Thanks to the availability of Node, I expect Javascript will take over server-side programming as well. In the typical web stack, there are 5 languages you need: HTML, CSS, Javascript, SQL, and.... SOMETHING on the backend. That something can by Python, Ruby, C#, Java, PHP, or dozens of others. Whichever option you choose, you limit your future hiring to a slice of web developers with experience in that language. But with Node, your stack becomes HTML, CSS, Javascript, SQL, and.... more Javascript! Every web developer who knows Javascript becomes a potential hire, which is just about all of them. That is a killer advantage even before you consider the technical strengths of server-side Node, including:

  • Easy server-side rendering of React, Vue, or Angular apps
  • Less need to duplicate server and client side validation logic
  • JSON as a universal data format
  • Did I mention it's blazing fast? Node's concurrency model seems particularly suited for handling web requests, where it goes so far as to beat multithreaded Java in benchmarks

Nonetheless, it still seems like Node is missing some of the tools it will need to to really conquer the server side. My bet is that that it won't happen until somebody comes out with a big, full-featured web framework with ORM integration, something along the lines of Rails or Django or ASP.net MVC. Among the current crop, it looks like Sails has some potential to grow into those shoes. But I suspect what might happen is, sometime in the next decade, Microsoft will create a version of MVC/Entity Framework which runs on Node. I would not be surprised if such a thing is already in the works at Redmond.
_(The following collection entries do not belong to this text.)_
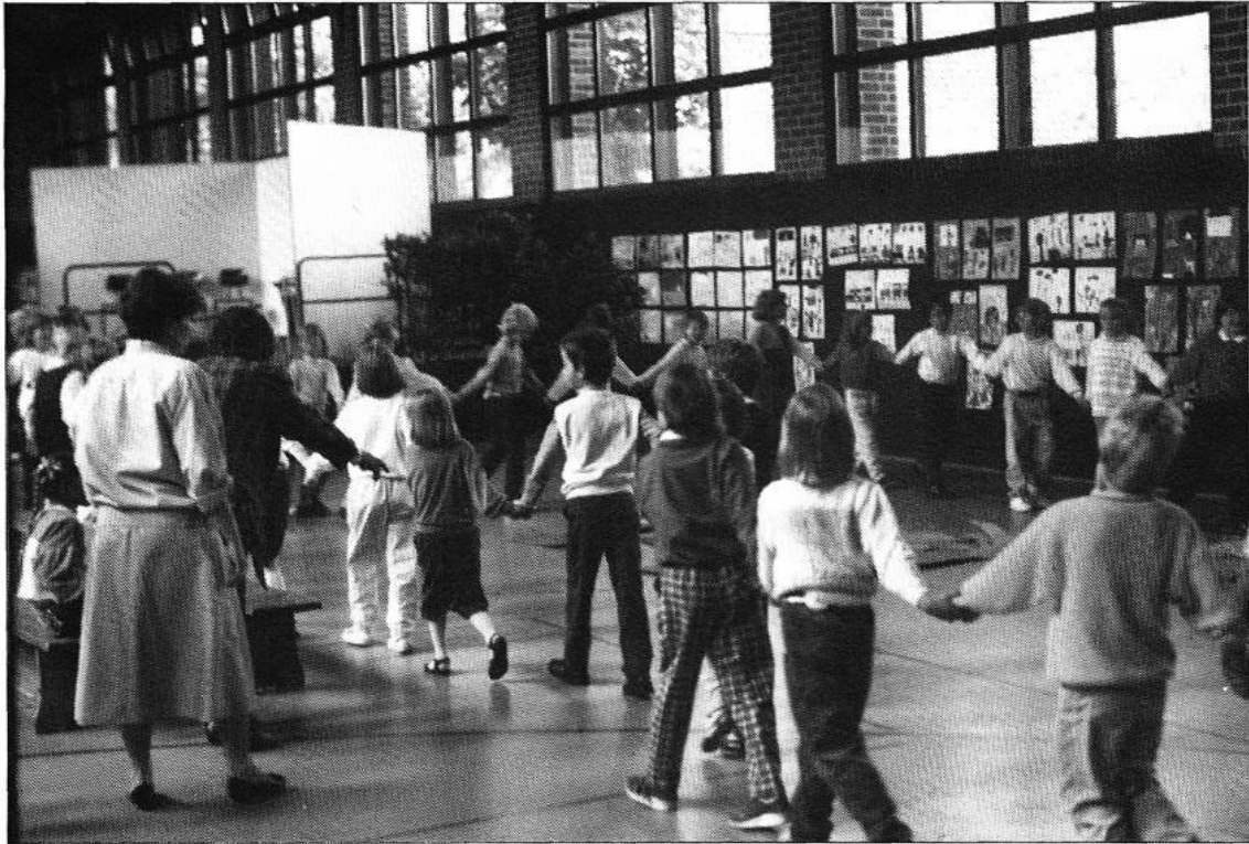
Schulkinder beim Einzug in die Turnhalle während des Festaktes.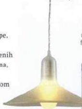
bijela silikonska visilica Flexlamp - 525 kn, Droog Design, Modus Design Shop

Razvoj tehnologije te njegova neodoljiva prozračnost i dojam lakoće učinili su staklo jednim od omiljenih materijala u kuhinji. Nape, elementi, zidne obloge - svi se oni danas uobičajeno sastoje i od staklenih dijelova. Prilagodljivost, igra bojama, teksturama i motivima koju ono dopušta čine ga nezostavnim dijelom kuhinja različitih stilova.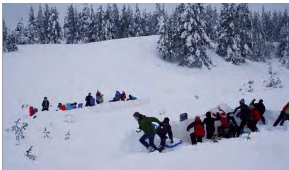
Ranskalaisuomalainen lumisota.

-Kahden viikon aikana sai tutustua entistä paremmin ranskalaisiin ystäviin ja saimme viettää ikimuistoisia hetkiä heidän kanssaan. Yhteisen kielen puuttuessa englannin kielen käyttämiseen tuli lisää varmuutta. Lisäksi tuli käytyä monissa sellaisissa paikoissa, joihin ei olisi tullut lähdettyä ilman vieraitamme (esim. jäänmurtaja, Arktikum). Kohokohtia on monia, ja niistä on mahdoton valita parasta. Lähinnä mieleen on jäänyt kokonaiskuva mukavasta kaksiviikkoisesta

It's not exactly that Javascript will replace all other languages. Games and other GPU-intensive computing will still be done in C++. Large, computationally-intensive backends will still be done in Java or C# or Go. Native software will still be written when it legitimately needs every nanosecond of efficiency it can muster, or it's doing elaborate interactions with the hardware. New languages will still be created, and some of them will find niches or domains where they catch on. But what will happen, is that most new projects will be written in Javascript unless there is a strong reason for them to be written in a different language. This will add up to slightly over 50% of all new code.